**RAW DATA:**

__________________________________________________

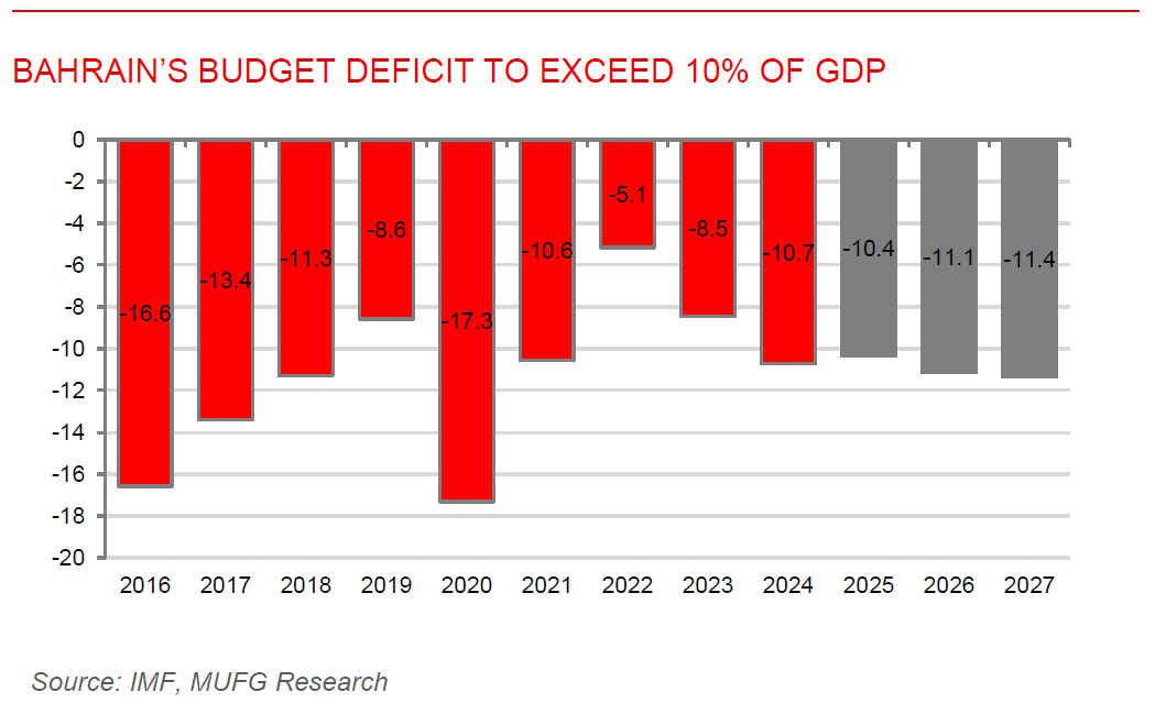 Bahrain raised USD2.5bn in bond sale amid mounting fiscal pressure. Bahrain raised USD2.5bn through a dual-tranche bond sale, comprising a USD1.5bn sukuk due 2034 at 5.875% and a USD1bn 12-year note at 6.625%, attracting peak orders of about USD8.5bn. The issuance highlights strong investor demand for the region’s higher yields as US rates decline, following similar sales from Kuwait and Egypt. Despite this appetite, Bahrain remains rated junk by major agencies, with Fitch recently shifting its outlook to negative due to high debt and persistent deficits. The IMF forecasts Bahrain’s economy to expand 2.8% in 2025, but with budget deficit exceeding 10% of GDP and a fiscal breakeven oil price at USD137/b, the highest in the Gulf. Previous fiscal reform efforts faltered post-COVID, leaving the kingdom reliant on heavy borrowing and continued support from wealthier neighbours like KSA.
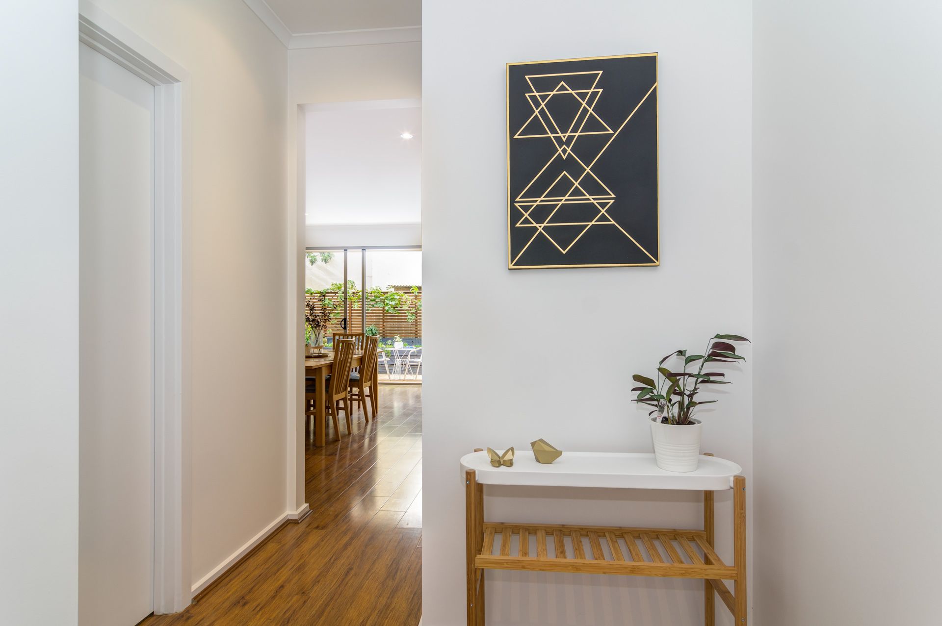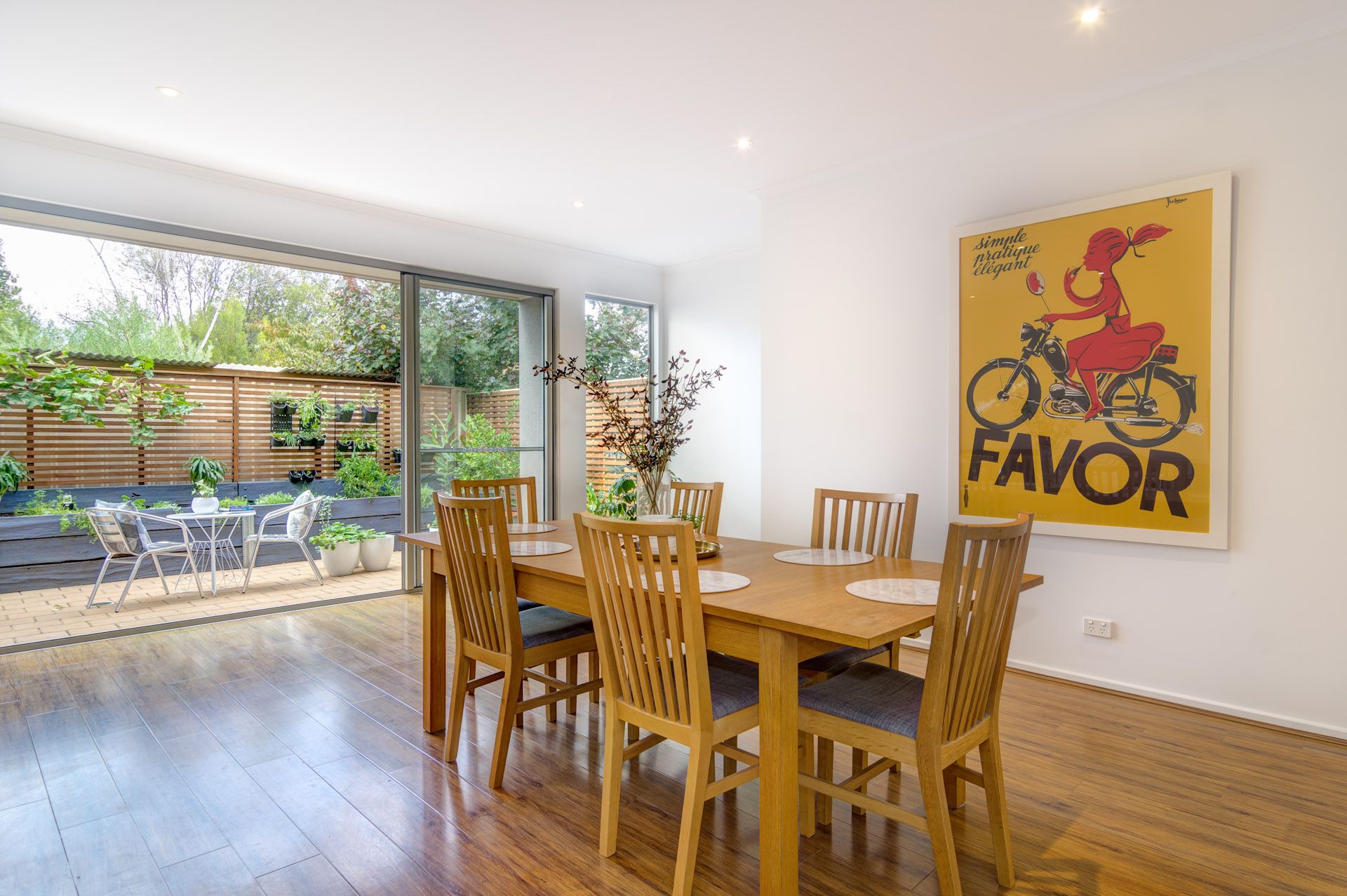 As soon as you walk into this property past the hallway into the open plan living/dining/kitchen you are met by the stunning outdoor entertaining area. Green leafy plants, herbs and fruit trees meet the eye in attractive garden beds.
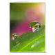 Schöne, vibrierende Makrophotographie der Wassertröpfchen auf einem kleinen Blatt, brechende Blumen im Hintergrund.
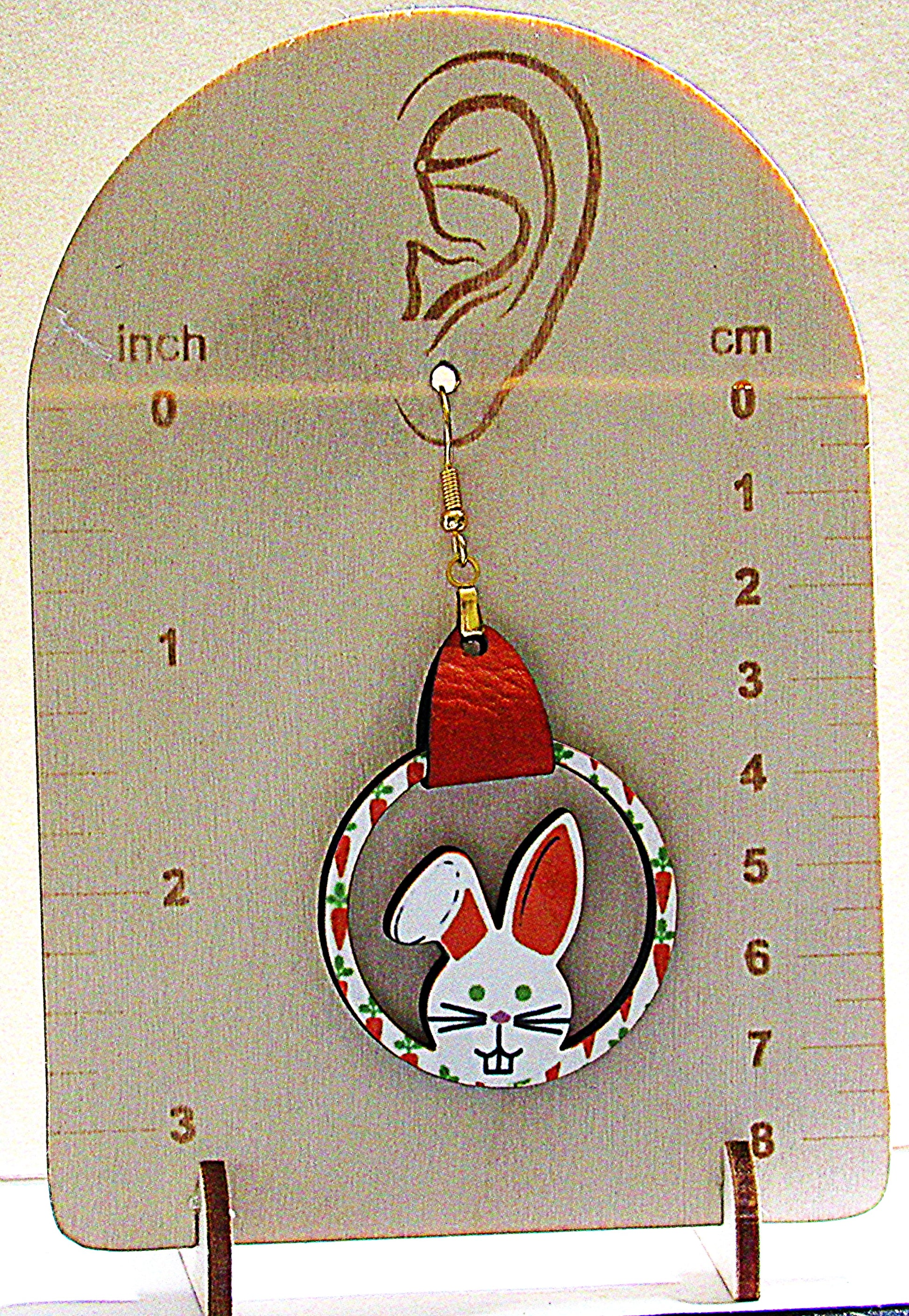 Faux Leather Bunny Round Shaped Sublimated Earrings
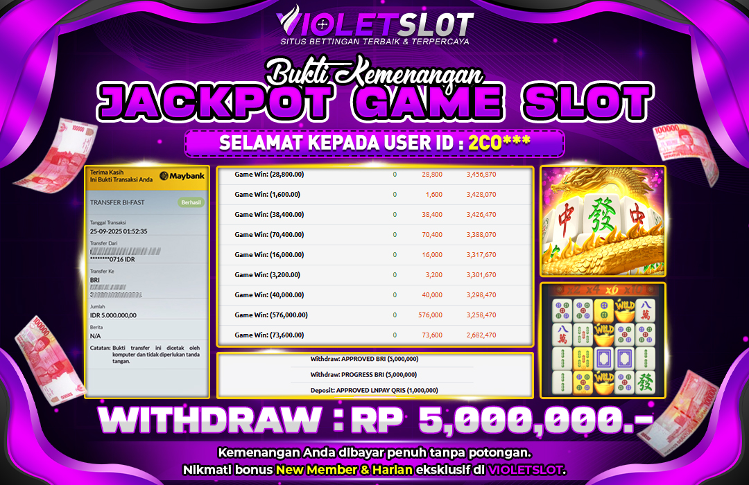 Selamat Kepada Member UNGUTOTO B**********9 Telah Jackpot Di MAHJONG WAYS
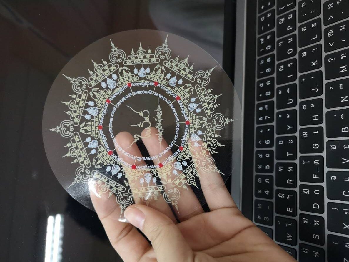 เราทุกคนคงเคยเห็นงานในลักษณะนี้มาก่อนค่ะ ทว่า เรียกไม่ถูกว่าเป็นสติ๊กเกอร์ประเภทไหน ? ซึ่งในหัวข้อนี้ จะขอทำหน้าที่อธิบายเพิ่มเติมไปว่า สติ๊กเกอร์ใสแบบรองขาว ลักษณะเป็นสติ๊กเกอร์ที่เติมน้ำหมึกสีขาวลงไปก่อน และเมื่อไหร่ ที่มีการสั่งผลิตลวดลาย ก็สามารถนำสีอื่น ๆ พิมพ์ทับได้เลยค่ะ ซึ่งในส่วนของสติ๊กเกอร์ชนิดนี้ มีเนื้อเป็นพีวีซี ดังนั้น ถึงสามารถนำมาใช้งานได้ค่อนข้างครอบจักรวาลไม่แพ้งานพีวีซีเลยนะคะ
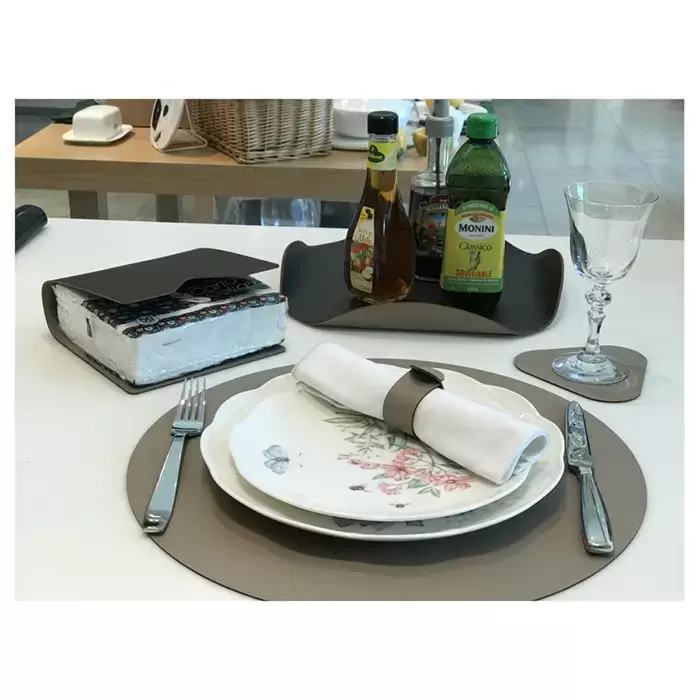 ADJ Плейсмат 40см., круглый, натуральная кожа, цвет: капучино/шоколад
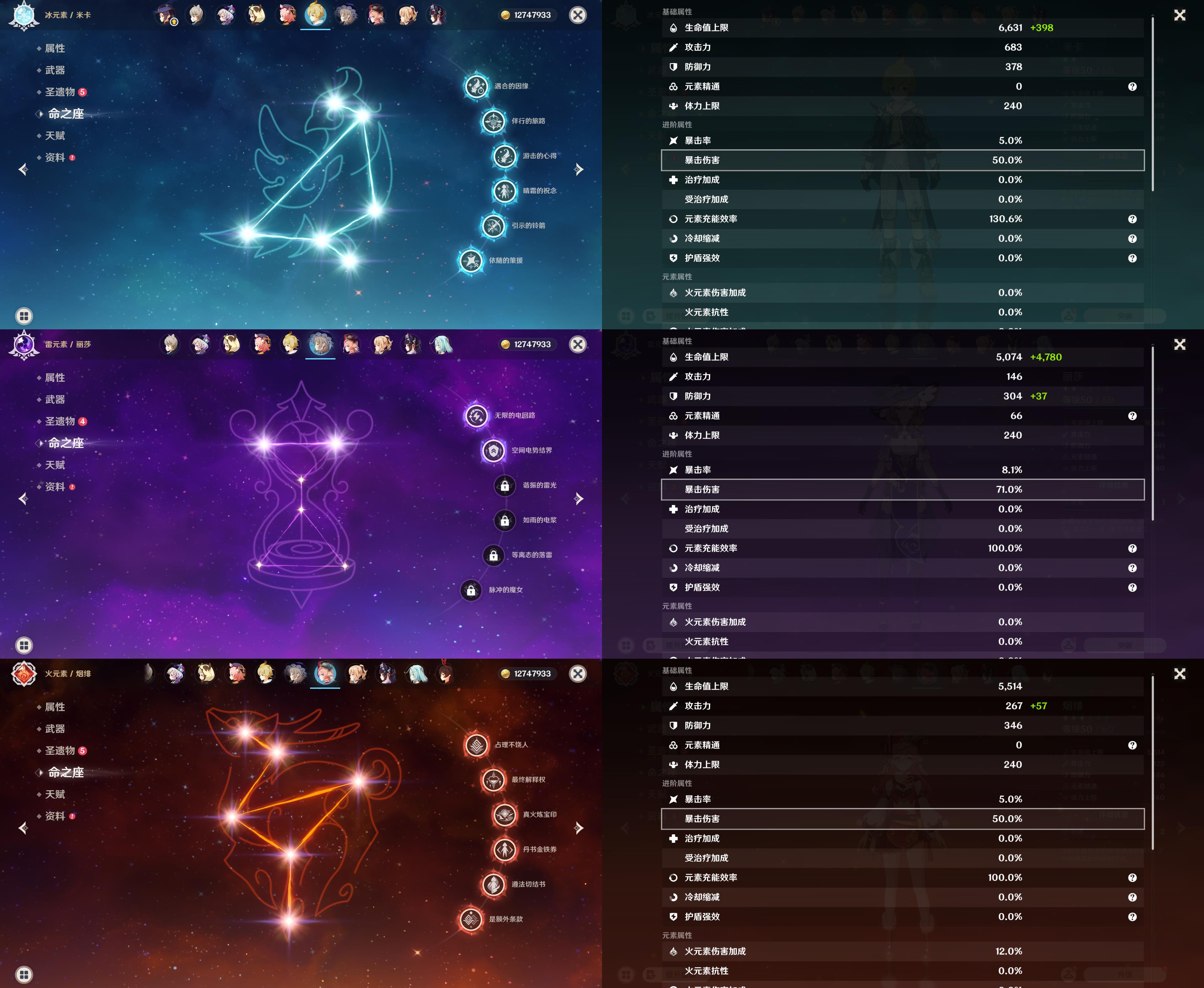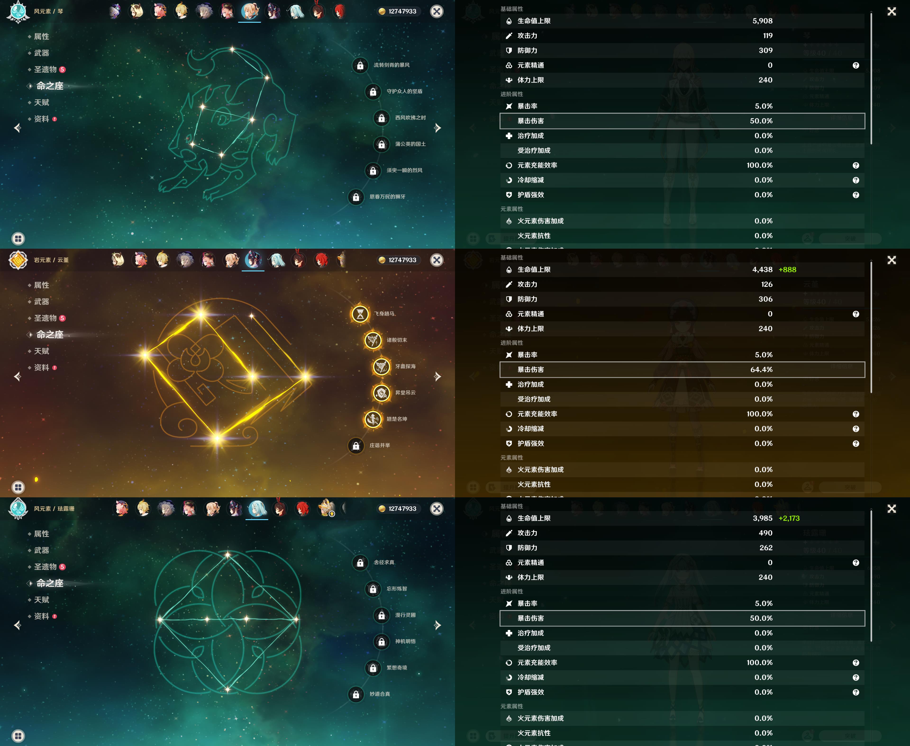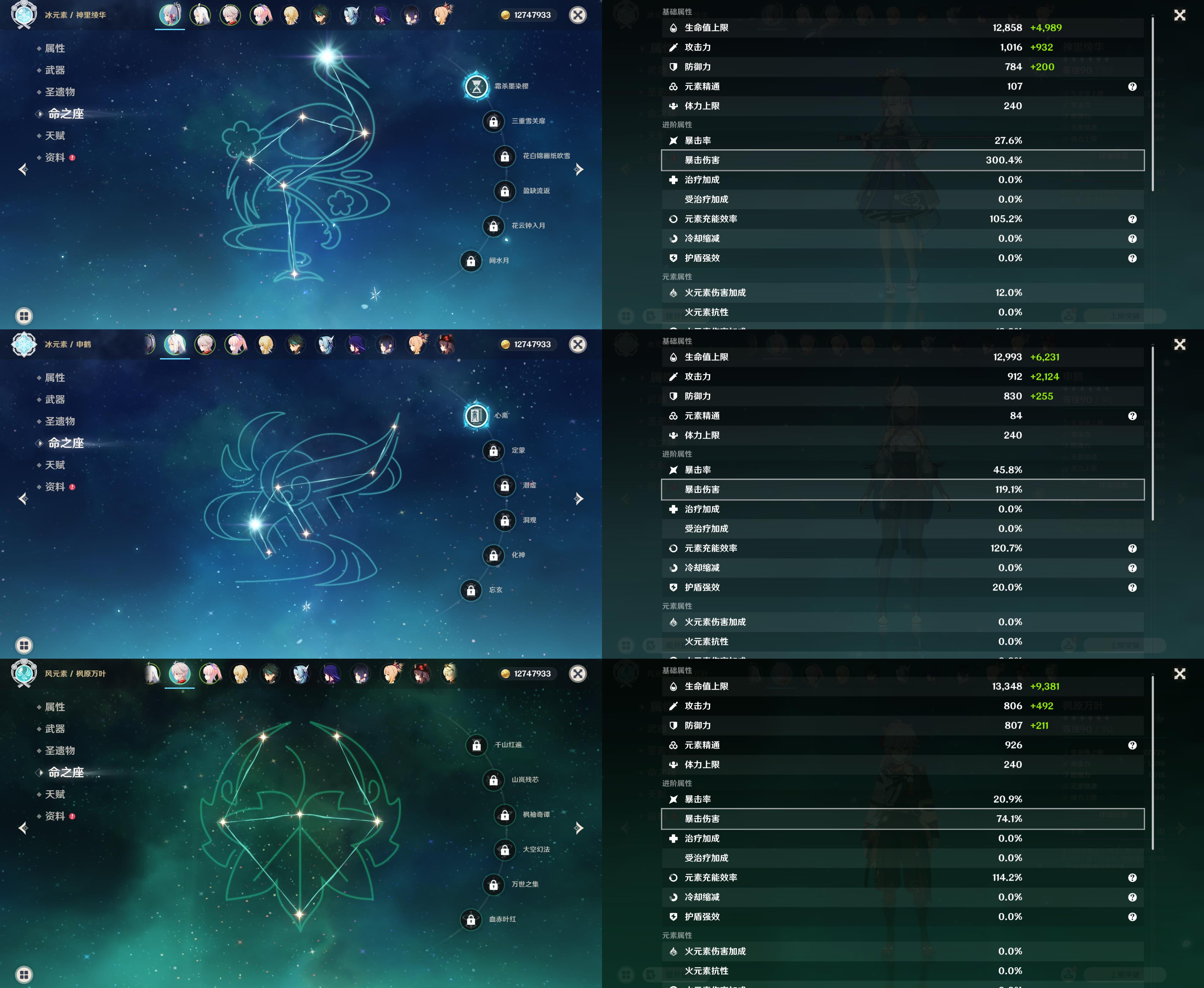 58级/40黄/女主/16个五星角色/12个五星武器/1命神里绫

__________________________________________________

Output all the entries exactly, minus any pictures.

 Bahrain raised USD2.5bn in bond sale amid mounting fiscal pressure. Bahrain raised USD2.5bn through a dual-tranche bond sale, comprising a USD1.5bn sukuk due 2034 at 5.875% and a USD1bn 12-year note at 6.625%, attracting peak orders of about USD8.5bn. The issuance highlights strong investor demand for the region’s higher yields as US rates decline, following similar sales from Kuwait and Egypt. Despite this appetite, Bahrain remains rated junk by major agencies, with Fitch recently shifting its outlook to negative due to high debt and persistent deficits. The IMF forecasts Bahrain’s economy to expand 2.8% in 2025, but with budget deficit exceeding 10% of GDP and a fiscal breakeven oil price at USD137/b, the highest in the Gulf. Previous fiscal reform efforts faltered post-COVID, leaving the kingdom reliant on heavy borrowing and continued support from wealthier neighbours like KSA.
 As soon as you walk into this property past the hallway into the open plan living/dining/kitchen you are met by the stunning outdoor entertaining area. Green leafy plants, herbs and fruit trees meet the eye in attractive garden beds.
 Schöne, vibrierende Makrophotographie der Wassertröpfchen auf einem kleinen Blatt, brechende Blumen im Hintergrund.
 Faux Leather Bunny Round Shaped Sublimated Earrings
 Selamat Kepada Member UNGUTOTO B**********9 Telah Jackpot Di MAHJONG WAYS
 เราทุกคนคงเคยเห็นงานในลักษณะนี้มาก่อนค่ะ ทว่า เรียกไม่ถูกว่าเป็นสติ๊กเกอร์ประเภทไหน ? ซึ่งในหัวข้อนี้ จะขอทำหน้าที่อธิบายเพิ่มเติมไปว่า สติ๊กเกอร์ใสแบบรองขาว ลักษณะเป็นสติ๊กเกอร์ที่เติมน้ำหมึกสีขาวลงไปก่อน และเมื่อไหร่ ที่มีการสั่งผลิตลวดลาย ก็สามารถนำสีอื่น ๆ พิมพ์ทับได้เลยค่ะ ซึ่งในส่วนของสติ๊กเกอร์ชนิดนี้ มีเนื้อเป็นพีวีซี ดังนั้น ถึงสามารถนำมาใช้งานได้ค่อนข้างครอบจักรวาลไม่แพ้งานพีวีซีเลยนะคะ
 ADJ Плейсмат 40см., круглый, натуральная кожа, цвет: капучино/шоколад
 58级/40黄/女主/16个五星角色/12个五星武器/1命神里绫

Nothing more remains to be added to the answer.